I don’t want to think. I don’t want to know. I hope someone stops him from whispering
before my own past is revealed in his steady slur of words. He’s afraid of
me. I moved in under the daughter’s bed because I couldn’t stand anything about
him. He’d look to me every so often and say, “Do you?” Then he’d return to murmuring
and rocking. I beat him with a tire iron I found in one of my boxes while he
wept. He’s afraid of me now. I know that’s best. He could likely lead me to safety
through the flashlights, but at the risk of humor, packing is still an issue. I’d hate
to have to come back for something. I suspect I created this world, that I am God
here, but a slave. It bends to my will, but dictates my nature as it does so. There
are too many things that I dare not attempt. Perhaps I am afraid and not God at
all.
I am on the sofa again. The television is on because the father believes it comforts
the dog while the house is empty, slow television piped in from Norway like
muzak. “What’s the capital of Iceland?” I ask the dog. “In Reykjavik, which street
contains the most coffee houses? Maybe your iPhone knows. Do you want to ask
your iPhone? Be a good boy and ask your iPhone.” The dog just stares at me without
lifting her head. “Will you at least rethink my life? I’ve tried, but all I see is
fear, desperation, and aversion to change. Can you ask your iPhone to rethink my
■■■■■■■ life?” My eyes tear up and I grab the remote, but there are buttons on all
sides of it and it’s impossible to do anything without depressing at least two buttons
simultaneously, so I drift in the bathroom to get high in hopes of being better
able to play the remote or perhaps forgetting it wholesale. After a few hits, I
notice the plaque above the toilet that reads, “Lyndon B. Johnson Shat Here.” That
was there before. I’m sure of it. The plaque opens to a wall safe that holds more
drugs. I take pills with water from the sink and step into the tub to melt. Come
evening, I take more pills, watch the daughter listen to music and talk to friends,
then smoke cigarettes while I watch her parents ■■■■. Their sex is interesting.
Both have filthy mouths and sometimes I chuckle at what is said. I sit on the
dresser as she screws the dirty, needy fuckhole he calls a shitter. He’s apologizing
for a ■■■■ he was with while she reminds him that his ass belongs to Mommy. Things
are not so bad tonight. I need to remember to use drugs more often.
In the cold of the house, I squeeze through the sideways door and climb to the
window that overlooks the water. The lights on the other side mock me. In one is
a silhouette. A woman with raven hair behind a gossamer curtain. My heart stops.

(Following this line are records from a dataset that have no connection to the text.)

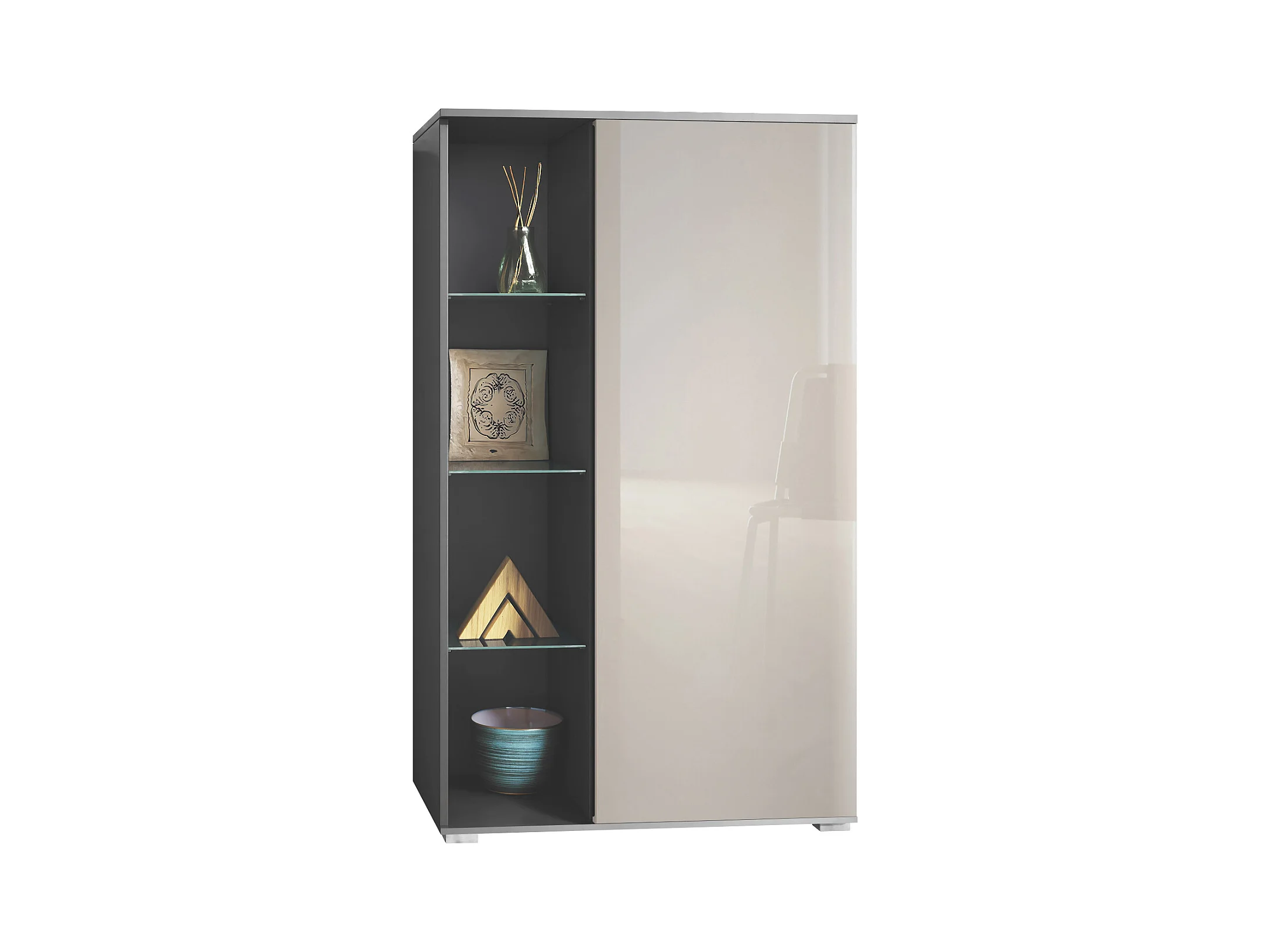 Vitrine Davos, vitrine sur pied avec 3 étagères en verre et 8 compartiments, anthracite mat/gris sable haute brillance (71,5 x 134 x 35 cm)
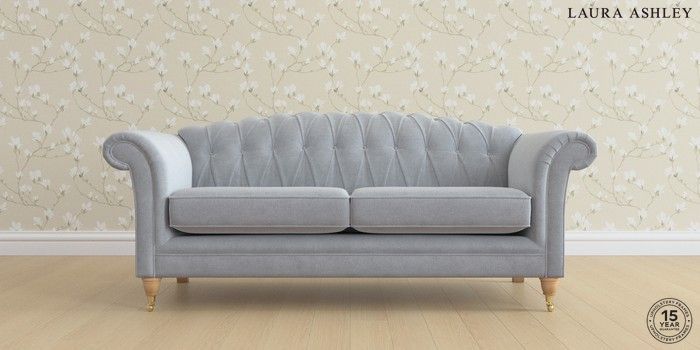 6.12.1 Buy Gloucester Button Back by Laura Ashley 3 Seater Sofa Peyton Powder Blue Low Brass Castor - Light Oak from the Next UK online shop Click here to use our accessible website
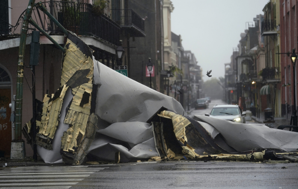 A section of roof that was blown off of a building in the French Quarter by Hurricane Ida’s winds blocks an intersection on Sunday in New Orleans. Eric Gay/Associated Press
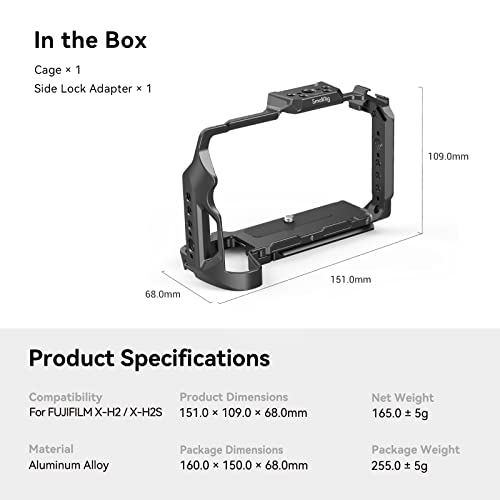 [Per FUJIFILM X-H2 / X-H2S] La gabbia completa all-in-one è stata progettata per FUJIFILM X-H2 / X-H2S per proteggere la fotocamera e fornire diversi punti di fissaggio. La confezione include una gabbia X-H2S, un adattatore di blocco laterale e un cacciavite a taglio magnetico per un facile montaggio e smontaggio.
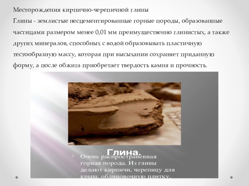 Месторождения кирпично-черепичной глины Глины - землистые несцементированные горные породы, образованные частицами размером менее 0,01 мм преимущественно глинистых, а также других минералов, способных с водой образовывать пластичную тестообразную массу, которая при высыхании сохраняет приданную форму, а после

I want so, so much to love her, to know her, to sit forever and talk until we both
know entirely what it is to be the other. Then she turns and is gone. My mind buzzes
with obsession. Another moment never forgotten, another dream tossed on the
pile. I will never find anything in here to desire, and conversely have not grown to
desire any of it. I sit in one of a long row of chairs, bent forward with my arms
on my thighs, and wonder when I will visit the abbey again. I never learned how to
draw and so I kneel on the floor and trace out lines in the blood that flows from
my fingertip. It all washes away in the liquid moonlight. I continue for some time,
worried I might bleed to death otherwise then curl up on the floor to sleep.
This could all pop in a flash into shreds that couldn’t even be real and would unravel
into nothing, the way people disappear when they die. Is this finality? Substance?
Soul? I kicked out one of the balusters on the staircase the other day
because it wasn’t truly on my side. That’s a lie. So many things would be untrue if I
had, but I don’t care for the way it quavers out of time with the others. I wish the
owners would call someone in to have that fixed.